Exercise instructions: Nothing outside the range is to be copied. From the entries below, reproduce exactly the lines starting at the one with "戴面具的女巫師,暗黑風(fēng)格的插圖。" and ending at the one with "When you click", without pictures.

Source data:
++++++++
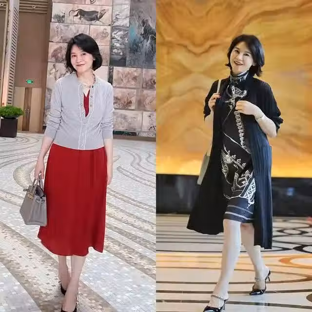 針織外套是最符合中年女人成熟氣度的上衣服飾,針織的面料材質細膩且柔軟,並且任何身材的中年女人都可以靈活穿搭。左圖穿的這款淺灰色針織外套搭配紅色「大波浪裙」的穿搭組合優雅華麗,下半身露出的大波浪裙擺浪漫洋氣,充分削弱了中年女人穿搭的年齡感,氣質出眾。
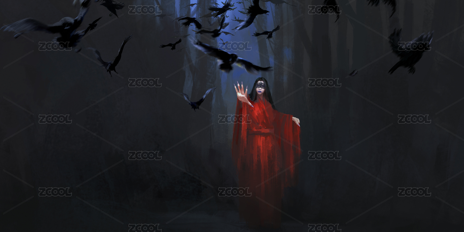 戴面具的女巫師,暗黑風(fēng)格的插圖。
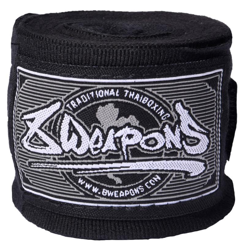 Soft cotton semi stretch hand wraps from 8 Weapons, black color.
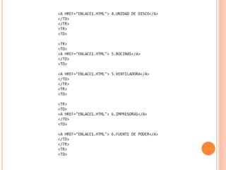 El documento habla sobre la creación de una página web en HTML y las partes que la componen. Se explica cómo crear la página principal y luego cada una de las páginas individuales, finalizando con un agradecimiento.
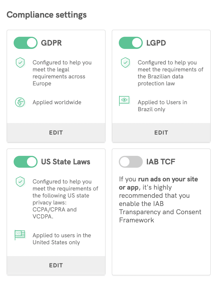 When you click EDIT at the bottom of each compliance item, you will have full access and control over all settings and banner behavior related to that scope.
++++++++
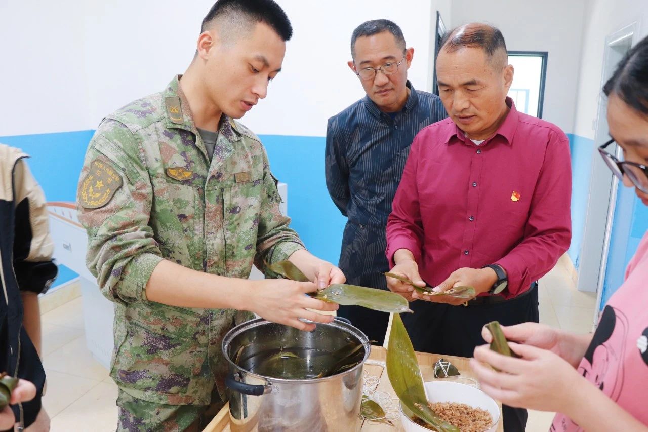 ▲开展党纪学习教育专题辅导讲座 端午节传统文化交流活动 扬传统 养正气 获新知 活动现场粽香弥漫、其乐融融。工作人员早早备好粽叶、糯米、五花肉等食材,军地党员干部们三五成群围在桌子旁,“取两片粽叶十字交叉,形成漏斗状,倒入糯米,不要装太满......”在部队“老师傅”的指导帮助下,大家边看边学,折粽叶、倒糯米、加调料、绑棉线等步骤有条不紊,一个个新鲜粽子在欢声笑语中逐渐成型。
++++++++
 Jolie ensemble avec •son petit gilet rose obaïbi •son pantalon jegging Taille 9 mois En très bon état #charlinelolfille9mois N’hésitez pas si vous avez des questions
++++++++
Task result:
 戴面具的女巫師,暗黑風(fēng)格的插圖。
 Soft cotton semi stretch hand wraps from 8 Weapons, black color.
 El documento habla sobre la creación de una página web en HTML y las partes que la componen. Se explica cómo crear la página principal y luego cada una de las páginas individuales, finalizando con un agradecimiento.
 When you click EDIT at the bottom of each compliance item, you will have full access and control over all settings and banner behavior related to that scope.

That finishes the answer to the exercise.